Filmin devamlılığına ihtiyaç duyulmasını sağlayan unsurlardan birisi Arslanköylü kadınların, Toros eteklerinde zorlu yolculuklarla gerçekleştirdikleri temsillerinin yanında, kendi hikayelerinin gelişimini de geçmişten günümüze bir film eşliğinde sunmaları oluyor. Bunu yaparken filmin açılış sekanslarında “Anamurium Antik Tiyatrosu” eşliğinde aktarımı da aynı zamanda bize kadın antik dönem şairi Sappho‘yu hatırlatıyor, onun o zorlu mücadelesini. Bununla köylü kesiminin o konservatif yaklaşımlarının kırılmasına, istenirse onların da kendileri gibi bir kısım zincirlerinden kurtulabileceklerinin işaretlerini sunuyorlar.
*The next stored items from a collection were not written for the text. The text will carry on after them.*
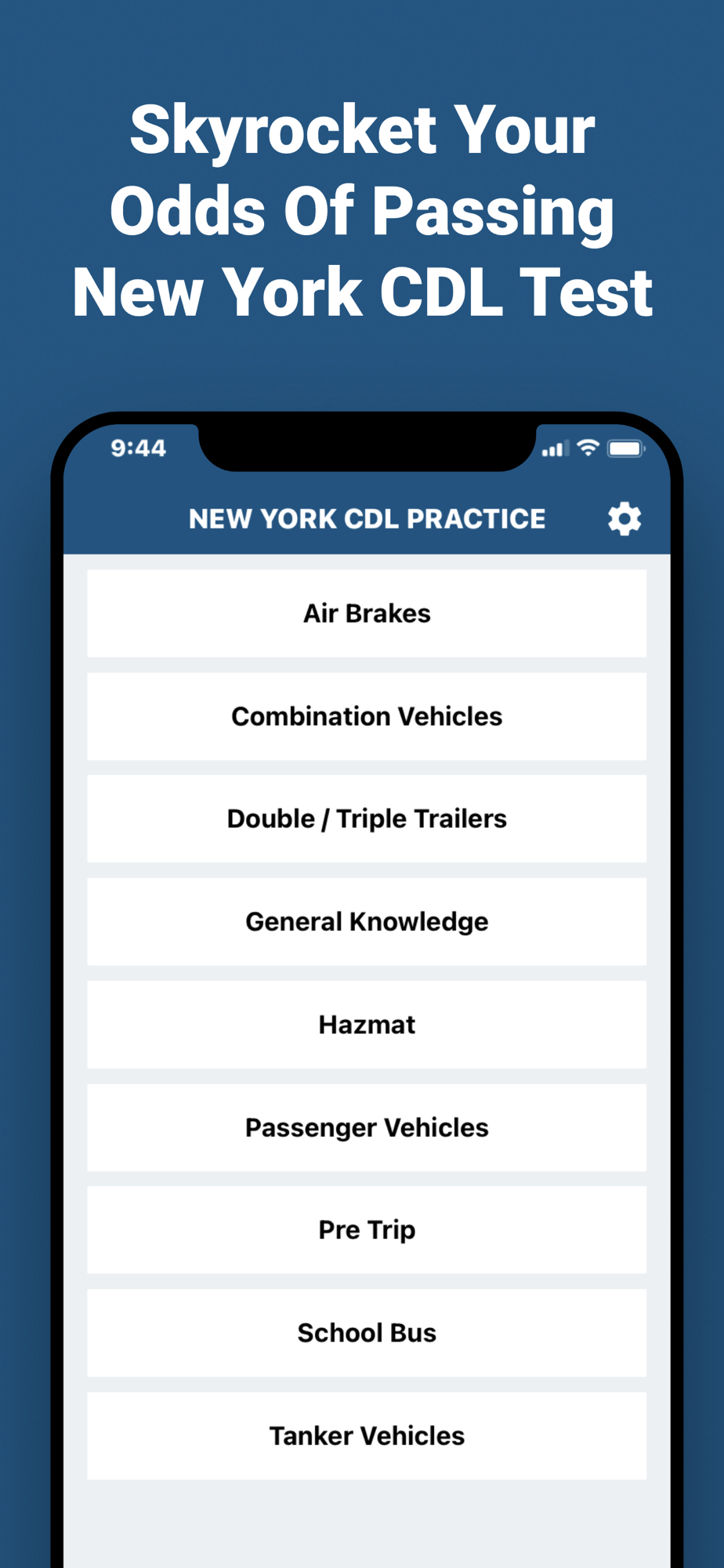 CDL New York Practice app contains everything you need to skyrocket your chances of passing the Commercial Driver's License test in NY.
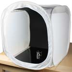 | The reason we often times choose to work with a light tent is because it can provide fast and easy soft lighting, instantly provides a clutter free background along with convenient backdrop support. The Tabletopstudio EZcube's have evolved over time with significant changes made to the design from feedback gathered at countless hours of jewelry photography workshops held in partnership with Brooks Photography Institute. Some of the modifications includes new ways to hang or suspend items more easily inside the tent as well as accessories designed to work with the new EZcube features like acrylic rods that can be suspended inside by the new built-in grommet strips lining the top inside. |
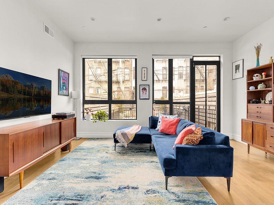 The recently constructed boutique condo building is situation on a quiet, leafy residential block with easy street parking in a trendy section of Bed-Stuy near cafes, shops, and transit with the J/Z trains around the corner, allowing for a quick commute to Manhattan. A communal roof deck affords sweeping views.

Filmde o kadar çok buna dair örnek sunuluyor ki, kadınların oyun temsilleri sunmak için gördükleri erkek/kadın/çocuk/göçer herkese umut aşılamaları, yaptıkları işin tiyatro oynamaktan daha zor olmadığına ilişkin görüşleri, tiyatroya çeşitli bahanelerle gelmemeye çalışan köylüleri ikna yöntemleri, film içinde filmde eşleri ile verdikleri mücadeleye değinileri de yine filmin umut taşıyıcısı yönlerine işaret tek tek. Zeynep’in önce uçurumlu yolda geçen kadere ilişkin anlatımları, otobüs içerisinde kişinin tercihleri/insanın özerkliği gibi tartışmalar, aslında kadim İslâm felsefesi ile Spinoza’nın deterministik kader yaklaşımlarına nasıl bilmeden farklı ancak sade bir yönden bakabildiklerini, insanın hangi koşullarda olursa olsun tekamülünün farklı gelişim sonuçları verebileceğini gösteriyor. Yönetmen Pelin Esmer, filmi belgesel sunumunun kolaycılığından kurtarmış. Oyun filmi, tamamen doğal bir görünüm sunmaktayken, Kraliçe Lear’da kameranın varlığını aslında köylüler biliyorlar. Ancak ne var ki dijital kameranın varlığı doğallığı bozmuyor. Gittikleri bir Akdeniz köyündeki köylünün, “bize yol lazım” gibi söylemlerini sert, kavgacı bir tonda, fakat doğal haliyle sunması, tiyatro izleyicilerinin tepkilerinin natürel hali, devam filminin başarılarından.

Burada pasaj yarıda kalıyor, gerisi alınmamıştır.